This is a sample application from Ruby on Rails Tutorial: Learn Web Development with Rails by Michael Hartl (specifically, the railstutorial/sample_app_2nd_ed). It has been augmented to include Toopher for two-factor authentication.
This is only an example provided as a reference.
Getting the sample app running locally is similar to starting any Rails
project: clone the repo, install your gems, and migrate your database.

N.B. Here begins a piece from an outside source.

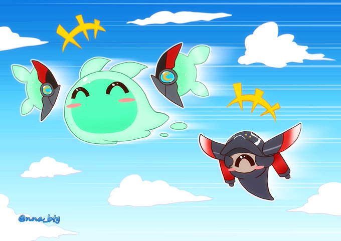 イロウス専用ギアを装備して空を飛ぶ事が出来て嬉しいゲルちゃんと、空飛ぶ仲間が増えて嬉しいクリオスちゃん。(焼夷属性) ゲルちゃんには足がないのでボトムスは省略ですw #アリスバトガコラボ #バトガ #バトルガールハイスクール #アリスギア #アリスギアお絵かき
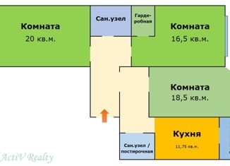 Продается трехкомнатная квартира, 93 м2, Лазурная улица, 14

One additional step is to configure Toopher. In this example, the
Toopher client is instantiated using API credentials stored in the
environment (toopher = ToopherAPI.new(ENV['TOOPHER_CONSUMER_KEY'], ENV['TOOPHER_CONSUMER_SECRET'])
), so you need to set
TOOPHER_CONSUMER_KEY
and TOOPHER_CONSUMER_SECRET
.
git clone git@github.com:smholloway/sample_app_2nd_ed_with_toopher.git
cp config/database.yml.example config/database.yml
bundle install
bundle exec rake db:migrate
export TOOPHER_CONSUMER_KEY=xxx
export TOOPHER_CONSUMER_SECRET=xxx
rails server
To see Toopher in action, create an account, then navigate to the user settings page. You should see a section for Toopher, which you enable by pairing. After successfully pairing, log out, then log back in.
Curious about the changes necessary to integrate Toopher? See the pull request that made it happen.
- The login flow changed but the tests were not updated, so they are failing.
- In this example the UI is merely workable--please use your imagination for how a professional designer would craft modals and input forms.
- There is no easy way to reset Toopher when locked out. In a real implementation, consider allowing users to reset Toopher like they reset a forgotten password; for example, using a security question or email reset.